I like toast various ways. Tuna salad sandwich, BLT, with hard boiled egg slices, peanut butter & jelly, grilled cheese, and sometimes with just lettuce & mayo between 2 slices. But most of the bread I toast up is lavished with butter & strawberry preserves. What's your favorite way to decorate your toast?

View attachment 6559


----------



## Falcon (May 6, 2014)

Mostly P-nutbutter and some kind of jam.  (Jelly is too hard to spread.)


----------



## i_am_Lois (May 6, 2014)

Falcon said:


> Mostly P-nutbutter and some kind of jam.  (Jelly is too hard to spread.)



Falcon, I have to agree with you about the jelly. Jelly never spreads. You can't mash it... a knife will only push it around.

Funny thing happened when I read your reply. I have cataracts & my vision challenges me at times. The first time I read what you wrote I thought it said (jelly is too hard to _SPELL_). I laughed at your joke... because you did spell jelly... then I saw that you actually wrote (jelly is too hard to _SPREAD_). LOL


----------



## SeaBreeze (May 6, 2014)

I don't eat toast very often, but when I do I just use butter.


----------



## hollydolly (May 6, 2014)

I can quite happily eat anything on toast tbh ,mostly wholemeal or granary toast .

In the morning I have  just one slice with butter and orange marmalade, 

for a snack during the day I'll put thick sliced ham off the bone with a scraping of mayo, or I'll just have warmed sliced tomatoes with chopped basil, or English stilton cheese or French brie with chopped bacon..yummm.


----------



## Happyflowerlady (May 6, 2014)

I don't eat a lot of toast, but when I do eat it, I have 2 favorite ways that I like it.  Sometimes, I make a breakfast (or lunch, or dinner) sandwich made with toast, butter, slice of cheese, and thinly sliced tomatoes, sea salt and pepper. Occasionally, I add a bit of mustard to the sandwich.
The second way I like toast is much simpler; it is just buttered toast with whole cranberry sauce instead of jam. I LOVE cranberries ! !  So, this one is a special treat for me. 
I also do the same thing with English muffins, which I like much better than toast, but usually don't buy because they are so expensive.


HappyFlowerLady


----------



## Warrigal (May 7, 2014)

Mashed avocado with salt and pepper or cottage cheese with fresh sliced strawberries on top.
Both are scrumptious.


----------



## Kaya (May 7, 2014)

A little butter with honey. Anything to hide the taste of gluten free toast. Ick.


----------



## rkunsaw (May 7, 2014)

Most of the sandwiches I eat are on toast, Peanut butter and jelly or peanut butter and honey are always on toast. Buttered toast is good with eggs and some part of a dead pig.

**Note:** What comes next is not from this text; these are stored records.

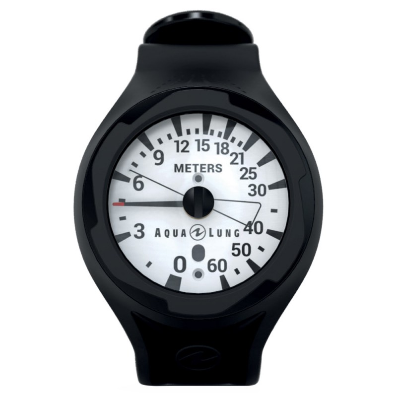 Głębokościomierz Aqualung, ze specjalnie zaprojektowaną skalą głębokości i wskaźnikiem luminescencyjnym pozwala na łatwiejsze czytanie. Maksymalna głębokość 60 metrów.
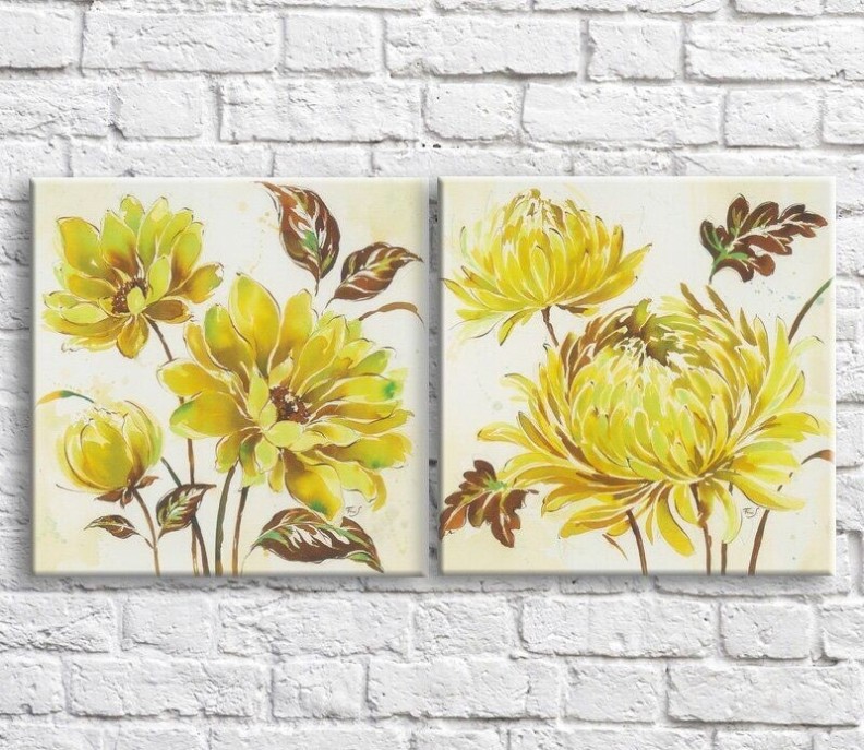 Картина ArtPoster Yellow chrysanthemums on a Beige background, diptych (3467718)
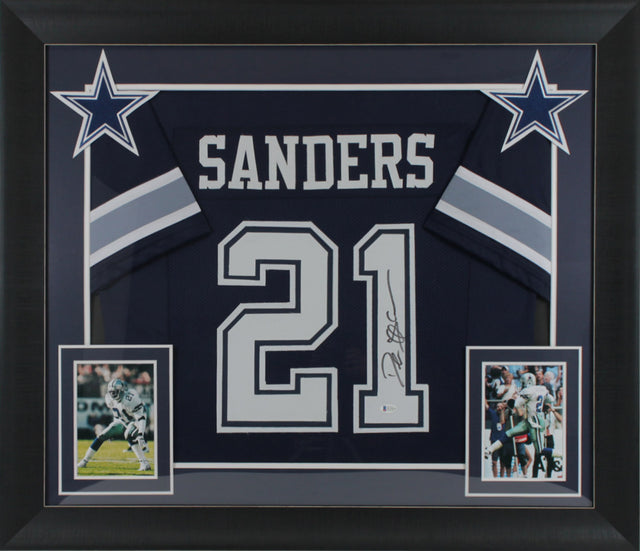 Own a piece of football history with this Autographed Navy Blue Pro Style Framed Jersey, personally signed by Deion Sanders of the Dallas Cowboys. A must-have for collectors and die-hard fans, this framed jersey is authenticated by Beckett Authentication Services (BAS), ensuring 100% authenticity.

Apple butter on toast is a favorite too.  Oh. I almost forgot the best....Cinnamon toast.


----------



## Pappy (May 7, 2014)

Cinnamon toast, yum. Just butter on that. Regular toast, I like jams, PB, honey and some times a cinnamon, sugar mix you sprinkle on the toast. Poached eggs on toast are also good.


----------



## Jackie22 (May 7, 2014)

....strawberry jam, honey, apple butter and apricot jam.


----------



## Justme (May 7, 2014)

I don't eat toast. My husband likes a good quality jam or marmalade on his.


----------



## That Guy (May 7, 2014)




----------



## Denise1952 (May 7, 2014)

I like my Adams crunchy on toast for a night-time snack.  But I heard of a good one on an English Muffin.  You add a slice of tomato and Parmesan Cheese.  I know I would probably want to add a bit of butter (real) as well as the EM would have to be cinnamon and raisin,layful:


----------



## Denise1952 (May 7, 2014)

That Guy said:


>



Gaggers,


----------



## taffboy (May 31, 2014)

Honey for me .


----------